The spectrum of clinical presentation in haploinsufficiency of A20; a case report of a novel mutation in TNFAIP3 gene

M Debeljak 1,2, S Blazina 3, J Brecelj 2,4, T Avčin 2,3, N Toplak 2,3,*
PMCID: PMC10303888  PMID: 37388287

Abstract

Haploinsufficiency of A20 was first described in 2016 as a new autoinflammatory disease that clinically presents as early-onset Behcet's disease. After the publication of the first 16 cases, more patients were diagnosed and described in the literature. The spectrum of clinical presentation has expanded. In this short report, we present a patient with a novel mutation in the TNFAIP3 gene. The clinical presentation included signs of an autoinflammatory disease with recurrent fever, abdominal pain, diarrhea, respiratory tract infections, and elevated inflammatory parameters. We will emphasize the importance of genetic testing, especially in patients with various clinical signs that do not fit a single autoinflammatory disease.

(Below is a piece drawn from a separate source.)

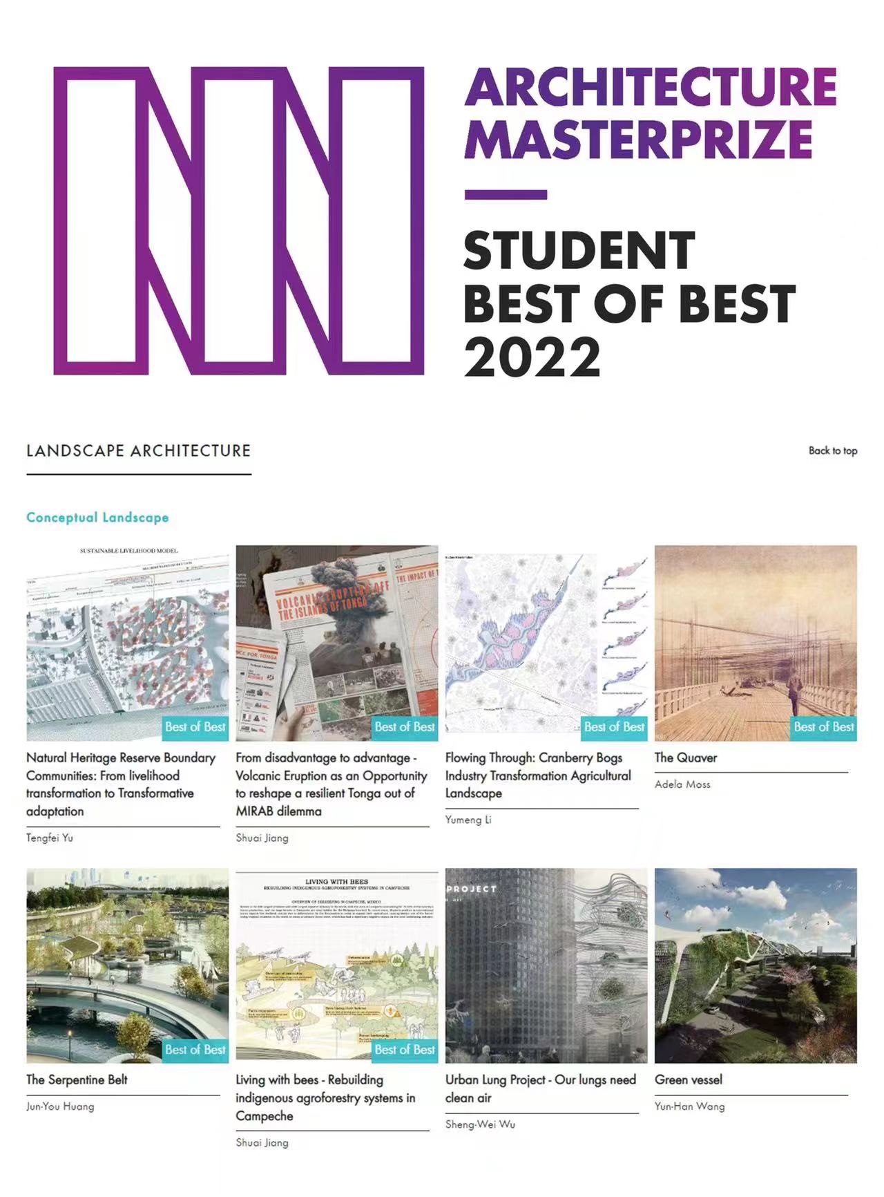 设计学系学生于腾飞(指导教师:孙俊桥)、蒋帅(指导教师:杨玲)所带领的团队分别斩获三项美国建筑大师奖学生类别概念景观组的最高奖(best of best),这是 成人影视片

Keywords: haploinsufficiency A20, TNFAIP3 gene, NGS genetic testing, case report, clinical presentation

1. Introduction

Haploinsufficiency A20 (HA20) is a novel autoinflammatory disease first described in 2016 and belongs to the group of diseases with disturbance of the ubiquitination process (1, 2). The gene TNFAIP3 (6q23.3) has 9 exons. It codes for A20 protein, also called TNFα Induced Protein 3 (TNF/AIP3), which has a negative regulatory role in inflammation. A20 protein is a cytoplasmic zinc finger protein that restricts NFκB signals via deubiquitinating activity (1). Loss-of-function mutations in TNFAIP3 result in the increased degradation of κB inhibitor, which leads to activation of the nuclear factor (NF)-κB pathway, an increased expression of proinflammatory cytokines, and systemic inflammation (3).

Patients may present with early-onset systemic inflammation and a Behcet-like disease, or a variety of autoinflammatory and autoimmune features (4).

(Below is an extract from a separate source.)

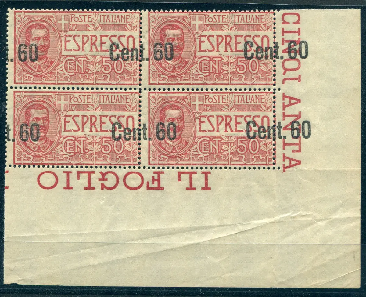 Espresso Cent. 60 von 50 mit stark nach rechts verschobenem Aufdruck Ganzgummi MNH - Espresso Cent. 60 von 50 Nr. 6 Viertel a. von f. mit stark nach rechts verschobenem Aufdruck; zwei Exemplare 60 Cent. (n. 6g) und zwei Exemplare Wert 60 am Rand wiederholt - Selten - Kat. € 2600+ Code 276/11

Haploinsufficiency A20 is an autosomal dominant disorder with heterozygous truncating mutations in the TNFAIP3 gene. Currently, there are 75 variants described in the Infever database (5).

We report a novel mutation that resulted in a stop codon in exon 7. Clinical presentation included various clinical signs. We will emphasize the importance of genetic testing of a panel of inflammatory genes in case of an unclear clinical picture.

2. Case presentation

A 14-year-old patient was first examined at the Immunology/Rheumatology outpatient office at the age of 9 because of recurrent fever with diarrhea, abdominal pain, elevated inflammatory markers, and recurrent respiratory infections. Aphthae in the mouth appeared a few times from the age of 1 up to the age of 8 and after that disappeared. He never had genital aphthae.

Family history was unremarkable except for migraine in the father and mother.

The child was born after the mother's first pregnancy. Prenatal ultrasound (US) showed hypo echogenic bowel and short femur. Karyotype was normal. Mother had gestational diabetes which improved with diet. Due to intrauterine growth retardation, labor was induced prematurely, at 33 weeks of gestation. Birth weight was 1.350 kg, the Apgar score was 8/8, and the postpartum course was unremarkable.

Fevers started at 7 weeks of age and were mainly triggered by infections. In several episodes, the fever was accompanied by vomiting. He was constantly having a runny nose. In the first 2 months of life, he was fed normally. In the third month, the parents noticed mucus in the stool, bloating, abdominal cramps, and signs of gastroesophageal reflux. From 18 to 22 months of age, he had recurrent respiratory infections.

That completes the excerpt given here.